Not to put too fine a point on it, I think asking yourself a horary question is akin to masturbation, which while sexual, is not actually sex, for which you need (erm, at least) two people. The act of asking someone a horary question is astrologically significant for its genuine human connection…like sex. Essentially, the exchange between a querent and an astrologer for a personal and pressing question is what makes the moment significant enough to cast a horary chart for, and why that chart should be meaningful at all.

Another good reason to avoid asking yourself a horary question is that it can help you maintain objectivity about the interpretation of the question. As professional superstar astrologer/translator Ben Dykes recently posted to Facebook:

I’m getting ready to publish Leopold of Austria’s Compilation in the Science of the Stars, and I came across this nice quote in it today that addresses the issue of judging charts, particularly judging your own question or horary chart:

“Love and hate remove a man from the rightness of judging: love subverts reasoning by means of longing, hatred through a liability to anger.” (Leopold, Complilation Ch. VIII.1, 29)

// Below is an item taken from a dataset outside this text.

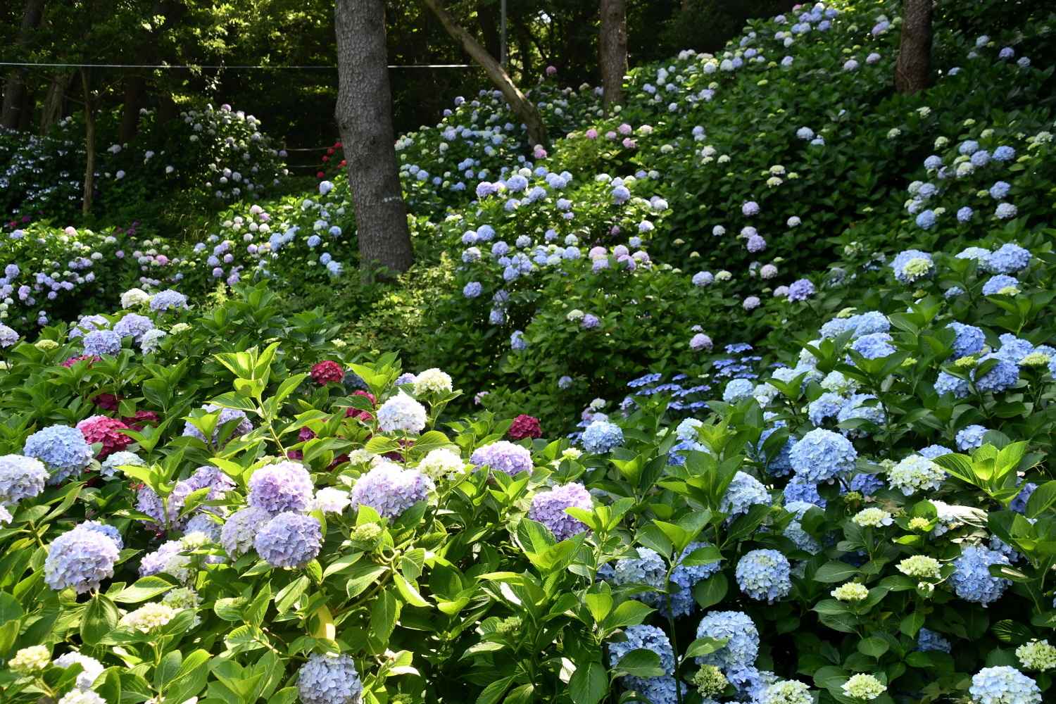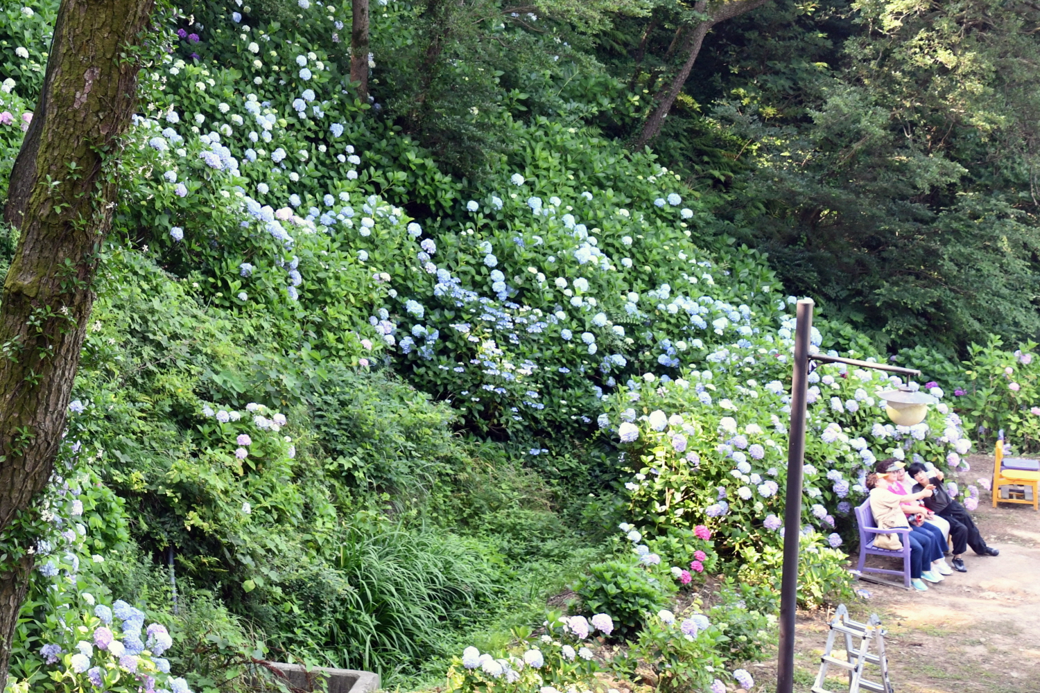 제주 혼인지나 태안 팜카밀레의 규모 큰 수국정원을 본 눈에 태종사의 수국은 많이 빈약했습니다. 오르막에서 내려다보면 한눈에 다 보일 정도로 규모가 작았습니다.
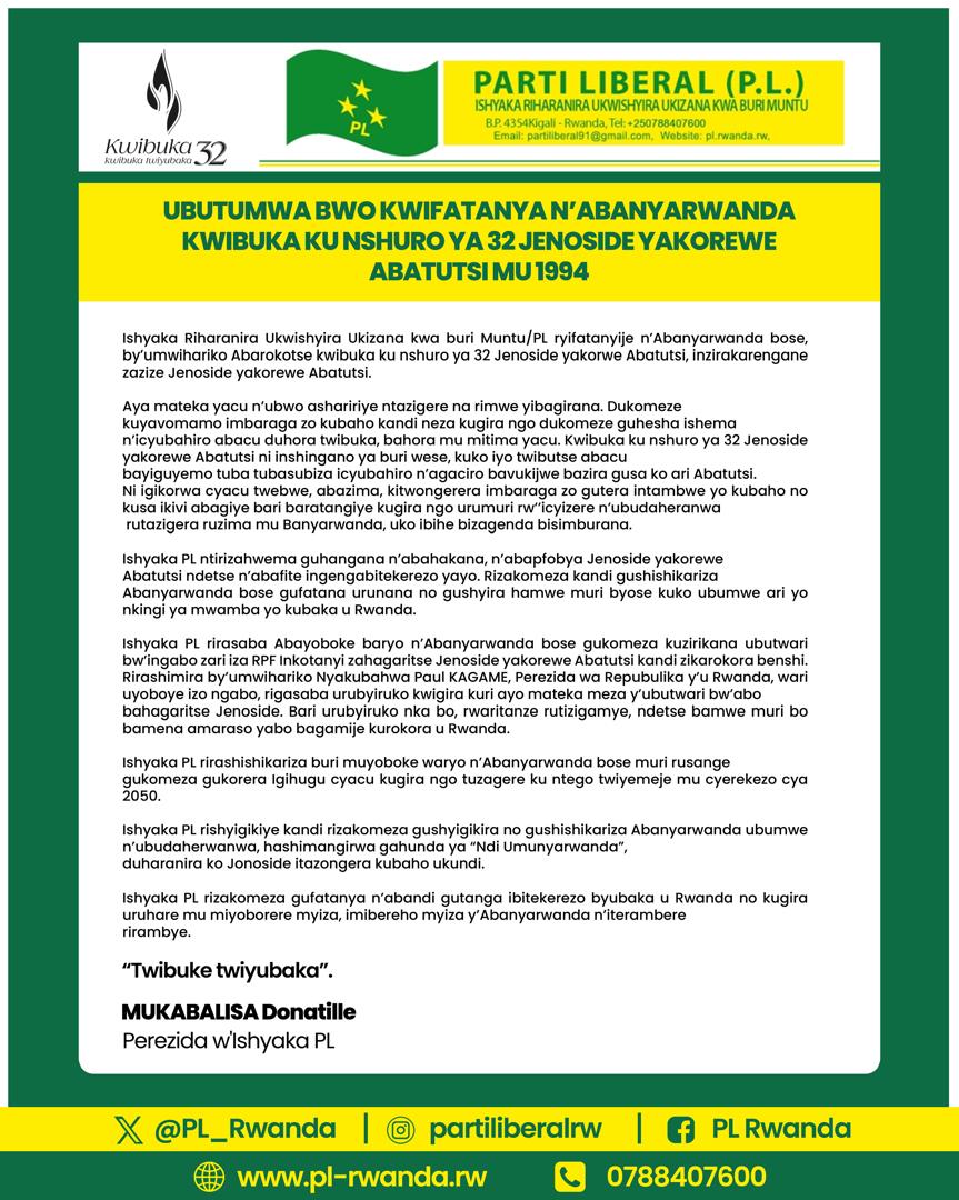 Ishyaka riharanira Ukwishyira Ukizana kwa Muntu (PL), ryatanze ubutumwa bwo kwifatanya n’abanyarwanda ndetse n’Isi yose Kwibuka ku nshuro ya 32 Jenoside yakorewe Abatutsi mu 1994.

I think this is really the core of why answering your own question can be tricky, because by definition the querent is emotionally engaged in the problem. We should try to detach ourselves as much as possible when answering our own charts. As I put it (and I may have heard this from someone else), “be prepared for the answer you don’t want, before you commit to the chart.”

(Emphasis mine)

If asking yourself a horary question is at one end of the questionable horary practices spectrum, asking no one in particular would be on the opposite end. I have seen horary questions posted by someone in an online astrology forum, and then some astrologers would attempt to answer the question by using their own location and time that they understood the question. This seems conceptually problematic. How can multiple horary charts from different time zones provide a correct answer for the same question? Or, perhaps only the first astrologer who responds has the genuine horary chart. But what if an astrologer was the first to see the post and decided not to respond? Then the true horary chart existed at another time and place than the first posted response. The 7th house is supposed to generally represent the person being asked the question, the astrologer, so if no one in particular is being asked, then there is no true exchange and thus no radical horary chart from which to judge. It seems the remedy against this confusion is to address the question to one astrologer privately to ensure they are the first and only person to first understand the question.

In summary, I contend that horary astrology has the best chance to give a clear answer if the question is personal, pressing, positively framed, yes/no, asked once to one person in particular other than yourself. I know a lot of this might be controversial to a lot of astrologers, and I don’t want to be misunderstood. I’m not saying that if you do not follow these suggestions that your practice is wrong, or that you can’t or shouldn’t do things the way you want. It’s a free country. However, I am raising the possibility that not every question can be considered appropriate for horary analysis.  If you agree that there are some limits to what you can ask and who can rightfully ask, then it’s worth thinking about and discussing what those limits are. Feel free to tag me in any conversations you have about this on Facebook, or respond in the comments below if you have any thoughts about this. Happy Horary-ing!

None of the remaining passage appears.